Facebook blokuje konta Holendrom

Facebook blokuje konta Holendrom

Holandia to otwarty i tolerancyjny kraj, w którym mieszkają ludzie z różnych zakątków świata. W grupie tej znajdują się również muzułmanie, którzy wyjechali do Niderlandów, by szukać lepszego życia. Gdy jednak po przejęciu władzy przez Talibów w Afganistanie ludzie ci zaczęli pisać pochlebne komentarze na ich temat, Facebook zablokował im konta. Holandia na to pozwala, Facebook już nie.

Niemiła niespodzianka

Jedną z osób, która skończyła z 30-dniowym banem na tę popularną platformę społecznościową, był radny Islamskiej Partii Jedności w Hadze. Mężczyzna ten, gdy Talibowie przejęli władzę w Afganistanie, chwalił ich działania i cieszył się z tego, iż grupa ta znów wprowadzi kalifat i prawo szariatu.
Podobny los spotkał salafickiego nauczyciela pracującego w jednej ze szkół w krainie tulipanów. Mężczyzna miał napisać, iż Allach dał zwycięstwo Talibom nad Ameryką i jej pobratymcami. Człowiek ten nie skończył jednak z samym banem. Jego konto zostało całkowicie usunięte. Najprawdopodobniej bowiem już wcześniej wyłapał on blokady konta za podobne wypowiedzi. Oprócz przytoczonych tu dwóch przypadków Facebook miał zbanować lub trwale usunąć jeszcze od kilku do kilkunastu innych kont miłośników Talibów i ostrego prawa religijnego.

 

Cenzura

Podobny los spotkał również ortodoksyjnego kaznodzieję z jednego z Niderlandzkich meczetów. Ten jednak nie pozostawił sprawy samej sobie. Rozgłosił, iż Facebook wprowadził cenzurę, a potem założył nowe konto.

Wolność słowa

Sytuacja ta rozbudziła małą burzę w niderlandzkiej sieci. Część ludzi wskazuje, iż każdy ma prawo do wolności słowa i przedstawiania swoich poglądów. Inni uważają, że pochwalanie rządów, które utożsamia się z pozbawieniem praw kobiet i jawną wrogością wobec niewiernych nie jest fair. Sam Facebook wskazuje na swój regulamin, w którym wyraźnie jest wskazane, iż można uzyskać bana za publikację treści zabronionych, w tym między innymi tych o charakterze rasistowskich, ksenofobicznym czy nawołującym do przemocy.

 

Zachodni paradoks

Sprawa ta ma również drugie dno.

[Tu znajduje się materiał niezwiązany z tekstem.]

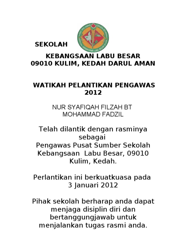 Watikah Pelantikan Pengawas 2015 from imgv2-2-f.scribdassets.com View this message in english. Watikah pelantikan disampaikan oleh menteri pembangunan luar bandar, datuk dr abd latiff ahmad dilakukan secara dalam talian, pada jumaat. Macmillan, credentials, appointment, handover ceremony, appointment letter. By sgi prefectorial board · updated about 2 years ago. Check 'pelantikan' translations into english. Watikah pelantikan dengan ini disahkan bahawa. Learn pelantikan in english translation and other related translations from indonesian to english. What does pelantikan mean in english?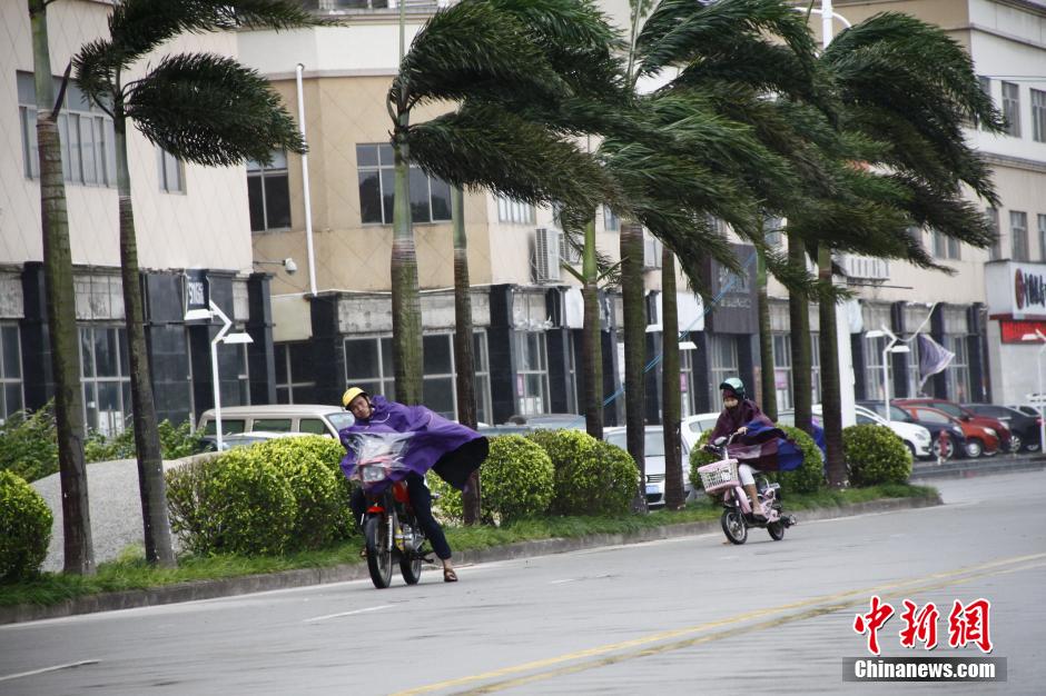 9月16日23时,台风“海鸥”在越南北部沿海登陆。“海鸥”给广西南部沿海地区带来强风雨影响,多个市县气象台发布台风、暴雨预警信息。图为钦州市狂风肆虐。 中新社发 李斌喜 摄

Część Holendrów zastanawia się nad zachowaniem tych ludzi. Muzułmanie przybyli do tego kraju, by odnaleźć lepsze życie, uciekając przed biedą, nędzą i zasadami panującymi w Iraku, Afganistanie, Iranie czy innych państwach Bliskiego Wschodu. Gdy jednak znaleźli się już w tym „zgniłym, niewiernym zachodzie” cieszą się, iż w państwach ich obszaru cofane są reformy mające prowadzić kraje ku zachodnim normom i powraca się do prawa szariatu. Wedle wielu jest to tak samo obłudne jak ucieczka „na zachód” za lepszym życiem i domaganie się wprowadzenia tam takich samych zasad jak z kraju, którego się uciekło.